= Lee Moves North =

Board wargame published in 1972

Cover of game after title change from Lee at Gettysburg to Lee Moves North

Lee Moves North, originally titled Lee at Gettysburg and subtitled "The Confederate Summer Offensive, 1862 & 1863", is a board wargame published by Simulations Publications Inc. (SPI) in 1972 that simulates Robert E. Lee's summer offenses of 1862 and 1863 during the American Civil War

==Description==
Lee Moves North is a two-player wargame in which one player controls the Confederate forces, and the other controls Union forces. The game covers two battles, the Battle of Antietam in 1862, and the Battle of Gettysburg in 1863. Both are twenty turns long. There are an addition four non-historical "what if?" scenarios.

===Components===
The game box contains:
- 22" x 28" paper hex grid map scaled at 7 km (4 mi) per hex
- 200 die-cut counters
- a map-folded rules sheet
- various player aids and charts

===Gameplay===
The game uses a traditional alternating "I Go, You Go" system, where one player receives reinforcements, moves and fires. Then the other player does the same, thus completing one turn, marking two days of game time. There are also rules for leaders, cavalry reconnaissance, fortifications, and rail movement.

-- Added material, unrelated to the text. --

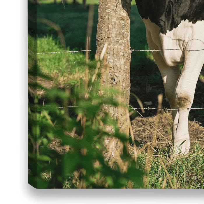 Kuh auf einem Zaun an einem sonnigen Herbstabend über den Feldern von Flandern bei Brügge in Belgien. Schwarz-weiße Kuh.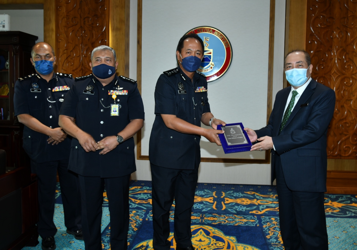 KOTA KINABALU: Sabah Commissioner of Police Datuk Idris Abdullah formally introduced his newly appointed deputy, Datuk Jauteh Dikun to Chief Minister Datuk Seri Panglima Haji Hajiji Haji Noor at Menara Kinabalu, near here on Wednesday.

The game also uses an innovative system of hidden movement: all counters are placed face down on the board, and are only flipped over when scouted by cavalry or engaged in combat. In addition, each player has several dummy counters that are removed from the board when revealed.

==Publication history==
In 1972, John Young designed a Civil War game with graphic design by Redmond A. Simonsen. Lee at Gettysburg was published by SPI in a plain white box with a red title ribbon. SPI's rival, Avalon Hill, immediately objected to the title, claiming that they had trademarked the use of the word "Gettysburg" for all games following the publication of their 1958 game of that name. SPI subsequently changed the title of their game to Lee Moves North, and repackaged it in a "flat-pack" box with integrated counter tray and new cover art.

==Reception==
In his 1977 book The Comprehensive Guide to Board Wargaming, Nicholas Palmer noted the relatively low popularity of the game (it polled 109th out of 202 games), but put it down to the age of the game in comparison to a long list of Civil War games that had been published after Lee Moves North.

In Issue 58 of Fire & Movement, John Setear noted with approval the "hidden movement" aspect of this game, saying, "Low unit density and highly varied unit strengths made the system easy and exciting to use, especially against the backdrop of the indecisiveness of army-versus-army combat in the era of the rifled musket."

In Issue 13 of Moves, Erich Faust pointed out that if the Union forces form huge stacks, the Confederates will be unable to defeat the stacks. Faust suggested a rule change where stacking is not allowed on either side.

In The Guide to Simulations/Games for Education and Training, Martin Campion was not sure the game was suitable for the classroom as published, saying, "Tricky game mechanics sometimes get in the way of the simulation. For class play, the instructor should exercise his option to change things."

In the 1980 book The Complete Book of Wargames, game designer Jon Freeman commented "Although the graphics are not up to the present state of the art (the map is essentially done in two colors), Lee Moves North is one of the best simulations of nineteenth-century operational warfare ever designed. It's also a tense, challenging game." Freeman acknowledged that SPI's simultaneous hidden movement system had detractors, but gave the game an Overall Evaluation of "Very Good", concluding, "If your prejudices don't prevent you from enjoying this, you may find it one of the great 'sleeper' games of all time."